• _Problem_: Print exactly, and only, the lines from the one containing "An Selbstabholer in" through the last line of the records below, both included; leave out the pictures.
┄┄┄┄┄┄
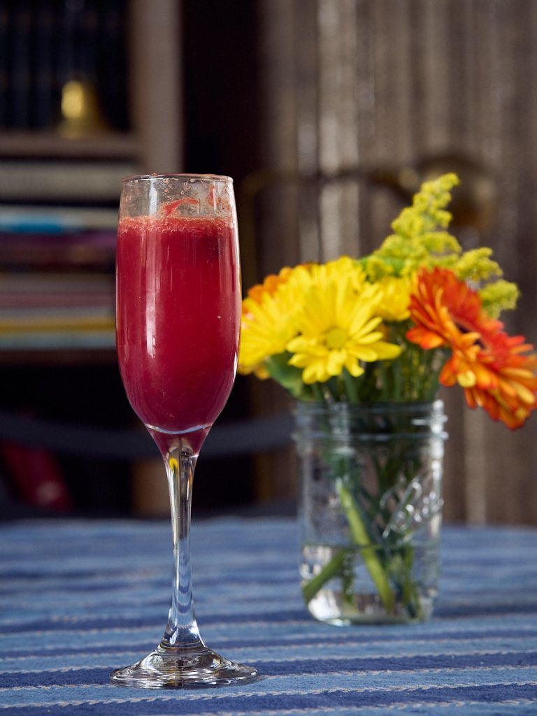 Slice 6 to 12 blood oranges and start juicing. 6 blood oranges gave us 8 oz with a basic electric citrus juicer, or a little less than 2 blood oranges per glass. Get out your favored mimosa glasses; a white wine glass, a champagne glass or whatever you have handy.
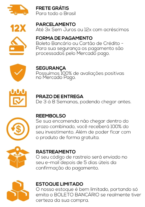 Atenção: O tempo estimado para entrega é de 7 á 15 dias úteis, pois nossos produtos chegam através dos Estados Unidos, Ásia e Europa.
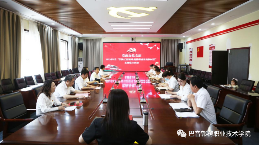 为深入学习贯彻习近平新时代中国特色社会主义思想,立足职业教育,聚焦理论学习和实践运用,着力提升党建工作活力。5月19日,党政办党支部在勤政楼二楼视频会议室组织开展了以“弘扬工匠精神 迎接职业教育新时代”为主的的五月份“党旗映天山”主题党日活动,内容丰富、形式多样。活动由学院党委委员、党政办公室主任、工会主席、党政办党支部书记、蔡虹教授主持,党政办党支部全体党员、入党积极分子、发展对象参加。
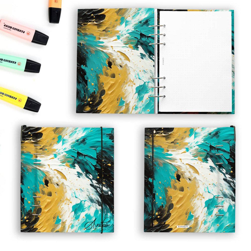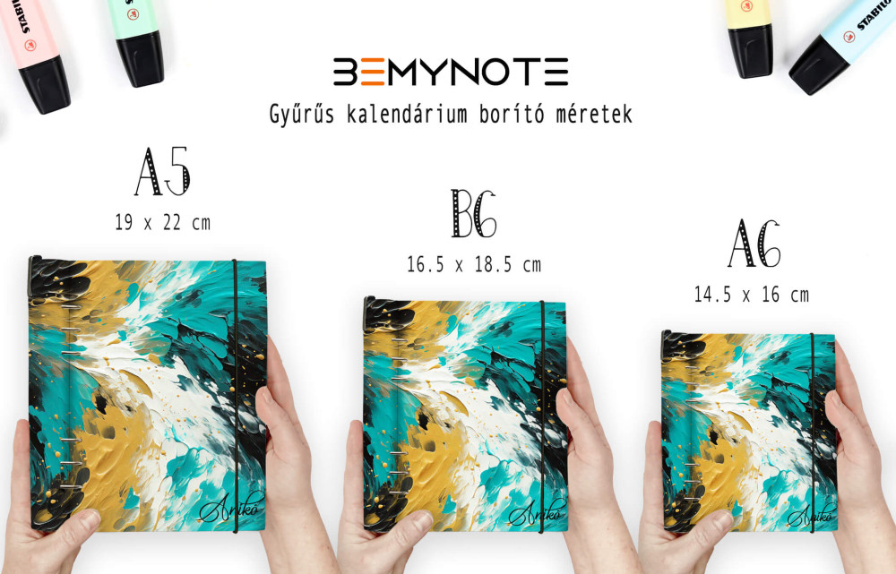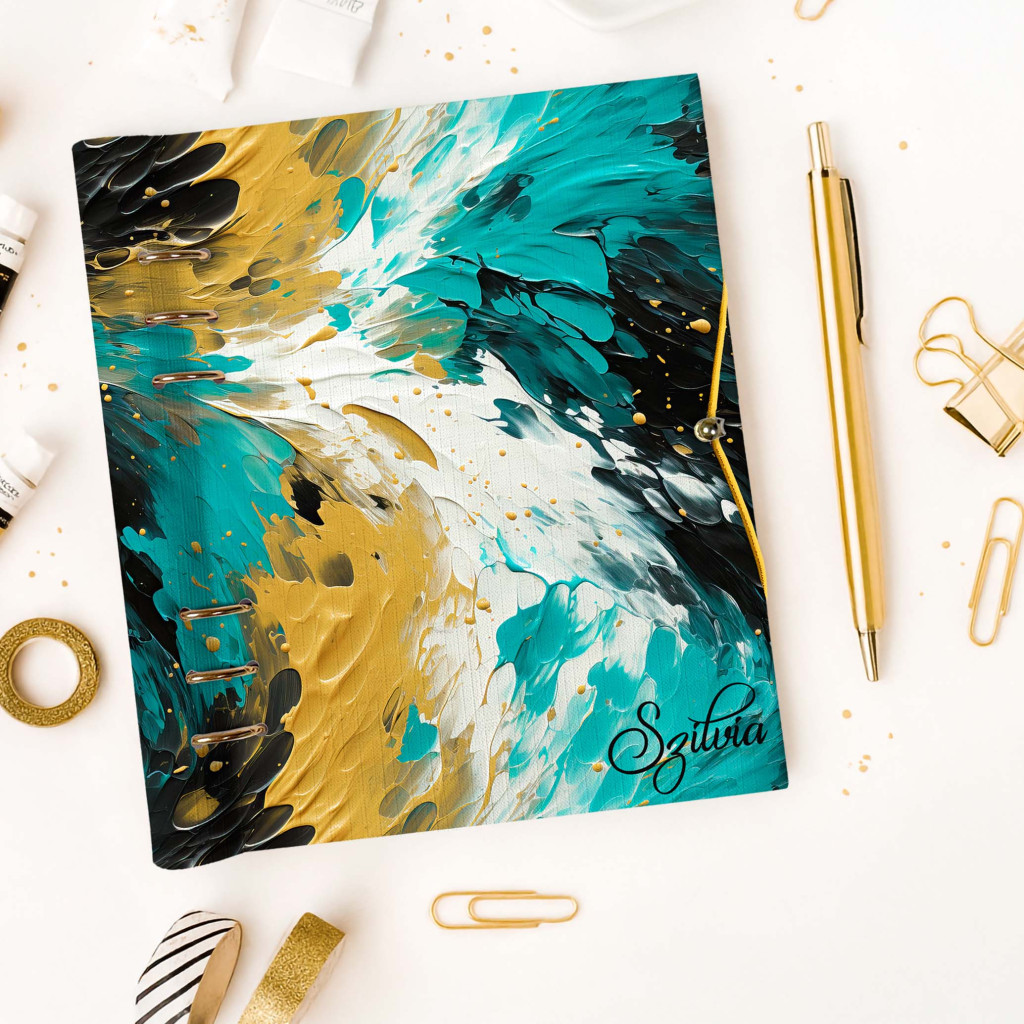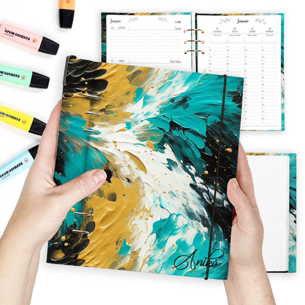 Névre szóló modern, absztrakt mintás Designer Türkiz Határidőnapló 2026 évre, amely különleges és praktikus ajándék lehet Karácsonyra, Születésnapra. Naptár és jegyzetfüzet egyben, A5, B6 és A6 méretek közül választhatsz, hogy megtaláld az igényeidnek megfelelőt.
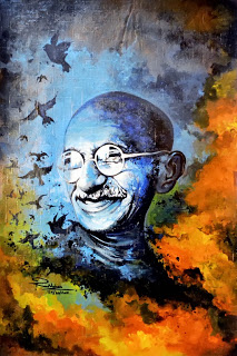 Image caption: Mahatma Gandhi, Portrait by Rajesh Nakar – Oil on paper
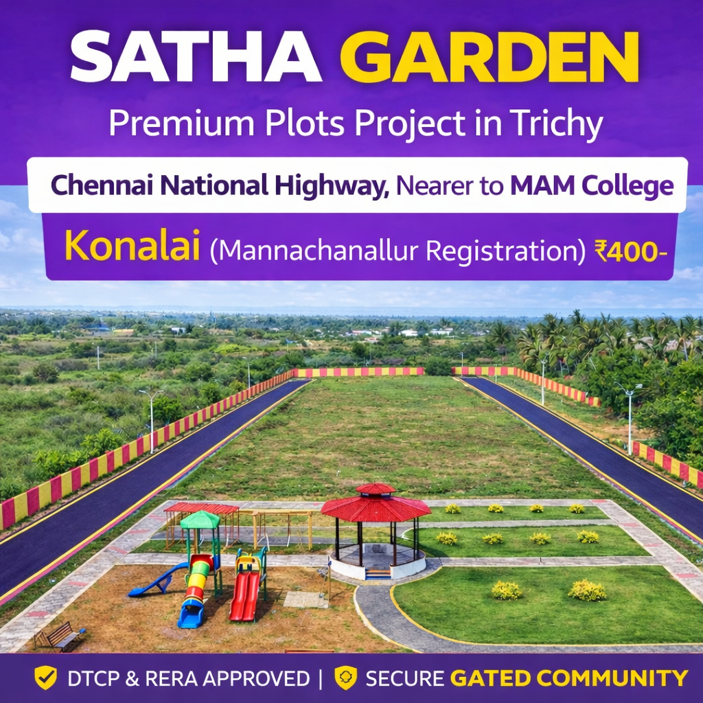 Sadha Garden is a premium DTCP and RERA approved residential plot project located in Konalai, Trichy, just behind MAM College and close to the Trichy–Chennai National Highway.
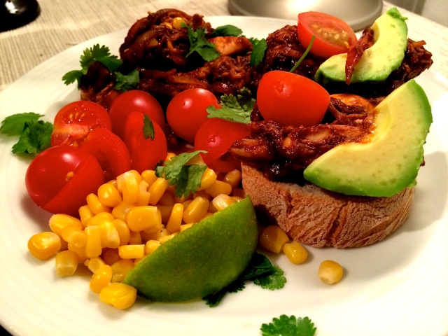 Servera röran på färskt bröd och dekorera med skivad avokado, körsbärstomater och lättrostad majs (görs enkelt i en stekpanna).
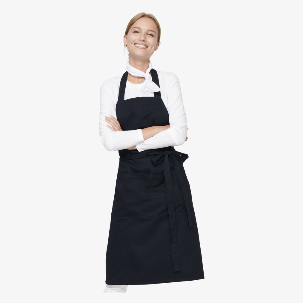 Den långa förklädet av bomull från ekologiskt jordbruk har en stor framficka delad i två fack. Den är justerbar vid halsringningen med en knapphålsöppning.
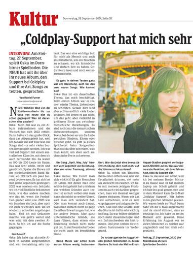 Interview. Am Freitag, 27. September, spielt Oska im Dornbirner Spielboden. Die NEUE hat mit ihr über ihr neues Album, den Support bei Coldplay und ihre Art, Songs zu texten, gesprochen.
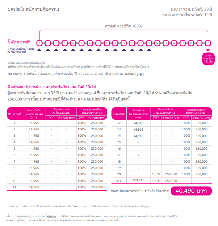 - ระยะเวลาชำระเบี้ยประกันภัย 14 ปี
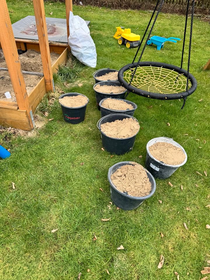 An Selbstabholer in Dinslaken:Spielsand zu verschenkenCa 150liter, eventuell mehr.Der Sand wird ersetzt, weil wir Ratten im Sandkasten hatten. Er is also nicht mehr für Sandkösten geeignet, aber für alles andere.
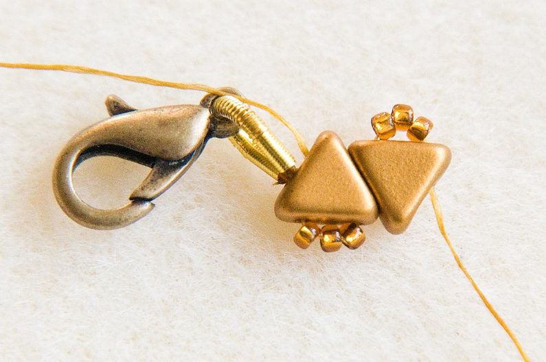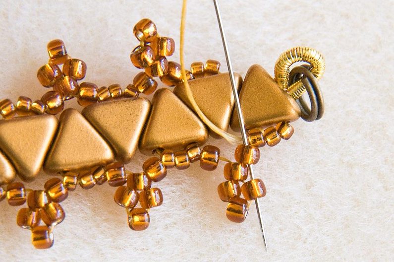 Až došijeme na konec druhé strany, prošijeme se znovu skrz obě KP na první stranu. (Obr.18) Prošijeme ještě i krajní TR15. (Obr.19) Nyní musíme zafixovat "špičky" korálkových trojúhelníčků - prošijeme první TR11, prostřední TR11 vynecháme a prošijeme následující TR11. (Obr.20) Prošijeme celou špičku, opět prostřední TR11 vynecháme a prošijeme následující TR11 i tři další TR15. (Obr.21) Utahujeme, aby vznikly trojúhelníčky. (Obr.22)
┄┄┄┄┄┄
• _Reply_:
 An Selbstabholer in Dinslaken:Spielsand zu verschenkenCa 150liter, eventuell mehr.Der Sand wird ersetzt, weil wir Ratten im Sandkasten hatten. Er is also nicht mehr für Sandkösten geeignet, aber für alles andere.
 Až došijeme na konec druhé strany, prošijeme se znovu skrz obě KP na první stranu. (Obr.18) Prošijeme ještě i krajní TR15. (Obr.19) Nyní musíme zafixovat "špičky" korálkových trojúhelníčků - prošijeme první TR11, prostřední TR11 vynecháme a prošijeme následující TR11. (Obr.20) Prošijeme celou špičku, opět prostřední TR11 vynecháme a prošijeme následující TR11 i tři další TR15. (Obr.21) Utahujeme, aby vznikly trojúhelníčky. (Obr.22)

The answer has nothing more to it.